Hiszpanie do drugiej rundy przystąpią z dorobkiem czterech punktów. To efekt zwycięstw nad Czarnogórą i Iranem. Z tymi drużynami zespół Patryka Rombla zmierzy się w kolejnych spotkaniach. Polacy w pierwszej fazie turnieju, po porażkach z Francją i Słowenią, mają zerowe konto w rubryce punkty.
Z tej sześciozespołowej grupy do ćwierćfinałów awansują dwie najlepsze ekipy. W przypadku biało-czerwonych będzie to bardzo trudne, ale rywalizacja toczy się także o kwalifikacje olimpijskie.
Hiszpanie mają niesamowitą jakość i ją pokazują. Jestem daleki od tego, aby mówić, że grają tutaj na razie na 70-80 procent swoich możliwości. My niestety mieliśmy trochę trudniejsze - bardzo łagodnie to określając - losowanie, w związku z tym nasze mecze były cięższe i wyniki inne. W środę wychodzimy na Hiszpanów i wierzę, że zagramy o niebo lepiej niż w dwóch ostatnich spotkaniach – zapewnił trener Rombel.
Szkoleniowcem Los Hispanos jest Jordi Ribera, który zespół narodowy prowadzi od roku 2016. Trójka jego podopiecznych, bracia Alex i Daniel Dujshebaev oraz Miguel Sanchez-Migallon bardzo dobrze jest znana polskim kibicom z racji występów w Industrii Kielce. To nie im w środowy wieczór będzie sprzyjała zdecydowana większość kibiców w krakowskiej Tauron Arenie.

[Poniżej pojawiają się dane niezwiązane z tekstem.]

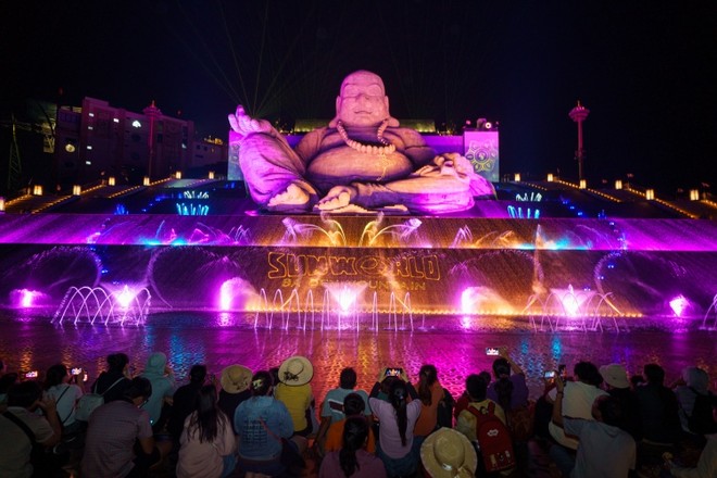 Sau đại lễ dâng đăng, hàng ngàn du khách hào hứng chiêm ngưỡng show nhạc nước ứng dụng các công nghệ hiện đại hàng đầu Việt Nam. Với tôn tượng Bồ Tát Di Lặc ở trung tâm, show nhạc nước kể câu chuyện về các cung bậc cảm xúc của thiền định bằng sự kết hợp của âm thanh, ánh sáng, nước, laser… vô cùng đẹp mắt.
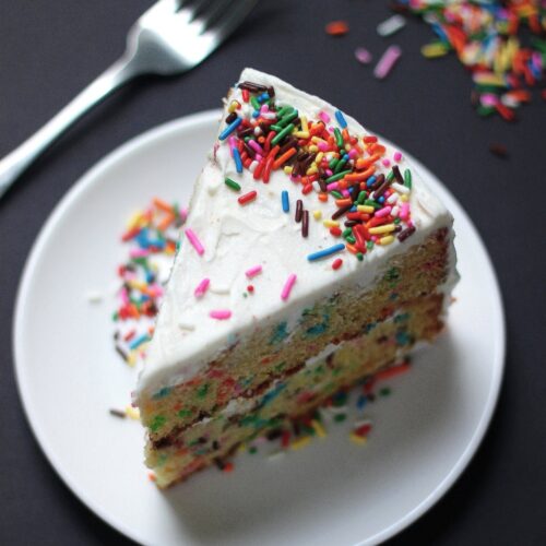 Exploding with rainbow sprinkles, this super moist funfetti cake recipe is perfect birthday cake! The vanilla cake layers are heavenly moist and fluffy… and feature colorful sprinkles in every-single-bite. We top this colorful cake with classic cream cheese frosting and extra sprinkles. Jump to the recipe card for the full recipe and recipe video! Funfetti…

Będzie to jubileuszowe, bo 50., spotkanie obu drużyn. Biało-czerwoni wygrali 16 razy, 28 meczów przegrali i pięciokrotnie zanotowano remis. Dwa ostatnie bezpośrednie spotkania o stawkę zakończyły się zwycięstwami Hiszpanii. Tak było podczas Euro 2022 (28:27) i MŚ 2021 (27:26).
W polskiej kadrze aktualnie występuje trzech zawodników, którzy w meczu o brązowy medal MŚ 2015 mieli swój udział w pokonaniu (29:28) po dogrywce Hiszpanii. W Katarze "cegiełkę" do sukcesu dołożyli Przemysław Krajewski, Michał Daszek i Piotr Chrapkowski.